メジャー感のあるメロディアスなミドルナンバー
音楽性の変化に驚かされたが良い曲だ


TYSONDOG - Beware of the Dog ★★★ (2019-03-17 17:02:59)

英国はニューキャッスルを中心に活動していたNWOBHMバンドが1984年にリリースした1st。オープニングから切れ味鋭い疾走ナンバーで幕開け、妖しげなメロディが激しく切れ込んでくる様に悶絶。その過激さはプレスラッシュといった迫力があり、早々にグイッとスピーカーに齧りつきそうになるくらい前かがみにさせられます。
どこか煮え切らないが哀愁を帯びたメロディがクールなのにグツグツと沸騰していたり、シャープなのにドンヨリ系のリフなど英国風味満点。これほどの名盤が何故、当時話題にならなかったのか不思議なのだが、雑誌のフォローがなかったというのが一番大きいのだろう。時期的に下火になったNWOBHM、もしこの作品のリリースが2年早ければ、このバンドの価値や歴史は大いに変わっていたろう、攻撃的なドラミングの破壊力たるやね。またレーベルたるNEATのブン投げ仕事がロクなフォローもせずにほったらかしのせいも絶対にあると思うのだが、当時の状況がいかなるものだったか興味も尽きません。
今となってはNEATの落としだねとして、歴史に埋もれているのですが、アッパーな楽曲の持つ破壊力と速さを競うだけではない疾走感、英国的な様式に彩られたパワフルなスピードメタルのクールなキレ味に、今なお大きな刺激を受けますね。

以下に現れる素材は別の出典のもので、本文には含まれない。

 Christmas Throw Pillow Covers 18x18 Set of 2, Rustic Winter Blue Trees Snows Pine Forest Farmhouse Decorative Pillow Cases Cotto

TYSONDOG - Crimes of Insanity ★★★ (2019-11-06 16:42:21)

遅れてきたNWOBHMと呼ばれる1986年リリースの2nd。鋭角的に切り込まれるリフワーク、ド派手に打ち鳴らされる攻撃的なリズム、元気一発のコーラスワーク、そして過激な演奏に負けない熱を帯びたクールヴォイス、このプレスラッシュと呼べるスピーディーかつメロディのある楽曲は、まさにNWOBHMの流れを明確に受け継いだものだろう。NEAT謹製の不明瞭な音質が、なにもかもをブチ壊している感はあるのだが、その生々しい粗さが聞き様によっては、過激さを倍増していると取れなくもないのがポイントだろう。
レーベルの性質を理解している身としては不満はもはやないのだが、初見の方は相当驚くでしょうね(このバンドに限らずね)前作から比べると、落ち着きを払ったヘヴィネス路線も増え、全てにおいて成長の跡も見受けられる、それだけに今作を残して解散したのは残念で仕方がないのだが、英国の憂いを纏ったパワフルサウンドをお探しの方なら、大いに喜んでいただけるだろう。⑤のSchool's Outはアリスクーパーのカヴァーです。

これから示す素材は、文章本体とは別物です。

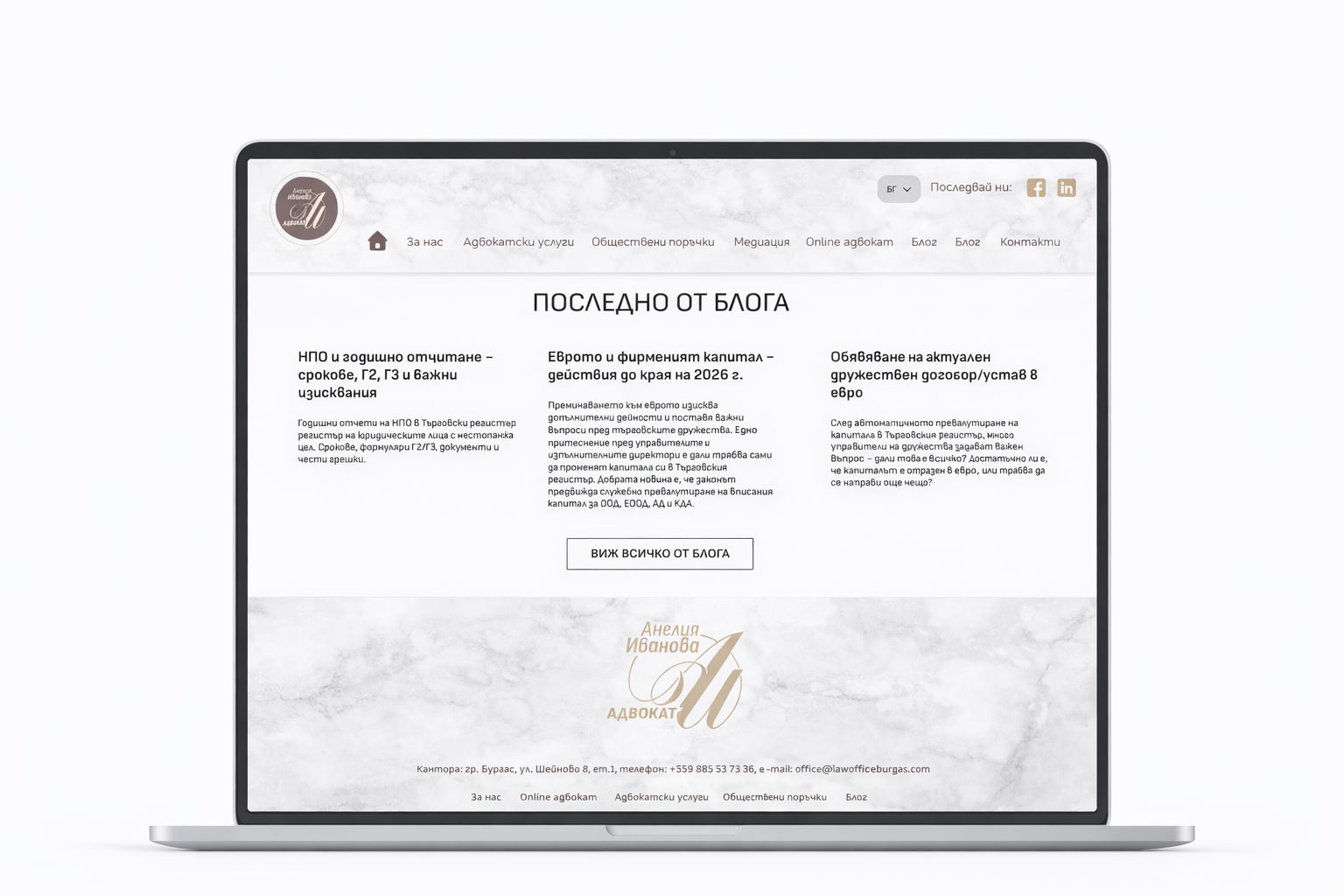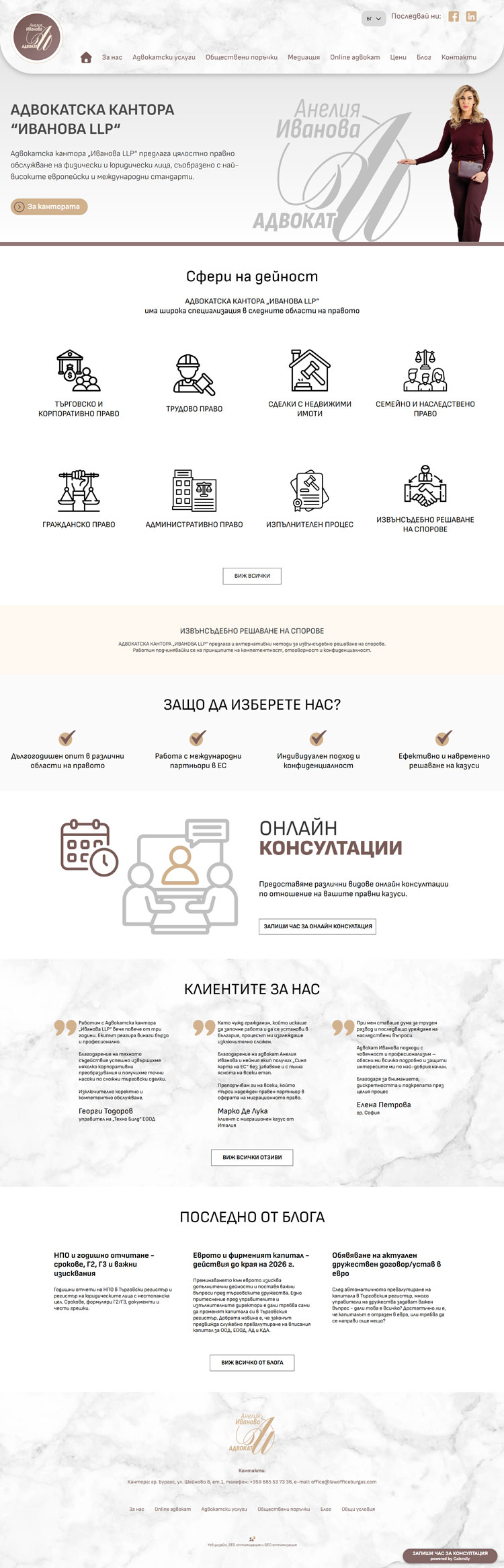 Lawofficeburgas.com е нов дигитален проект, изграден като представителен и работещ онлайн офис на Адвокатска кантора „Ivanova LLP“ в Бургас. Още от самата структура на сайта се вижда, че платформата е замислена като ясно организирана среда, в която потребителят може бързо да се ориентира между общата информация, специфичните адвокатски услуги, обществени поръчки, медиация, Online адвокат, блог и други.

TYTAN - Justice: Served! ★★ (2019-12-09 18:54:10)

Angel Witchのベースだった、ケヴィン・リドルスがドラムにJPのレス・ビンクスにカル・スワンらを加え活動していた事で知られる伝説のNWOBHMバンドの復活作。特に局地的に日本で人気があったのは、カル・スワンがいたからだろうが、そんな人気にあやからなくとも幻と謳われた1stは魅力的な作品だった。
今作にカル・スワンの名前は無いが、プロデューサーにクリス・タンガリーディスを迎え、往年の空気を纏ったリアルNWOBHMサウンドを披露している。愛想など良くなくとも、裏切りのない伝統的英国スタイルの継承。好きモノにはたまらないとなるのでしょうが、歌い手のパフォーマンスに不満を感じるマニアも多いでしょうね。過去の復刻盤であれば、こんなものと受け止めるのですが、新たなる門出となるともう少し表現力のある歌い手を所望したくなるのが、マニアの性と言うモノですが、これは趣味嗜好の問題ですので、前作を気に行った方なら、順当に引きついだ2枚目のアルバムとして、何の疑いもなく受け止める事が出来るでしょうね。
新たなるフレーバーを振りかけようとも、咽び泣く英国叙情派メロディ、そしてメタリックな攻撃性、堅実な出来栄えに安心して身を任せる事が出来ますよ。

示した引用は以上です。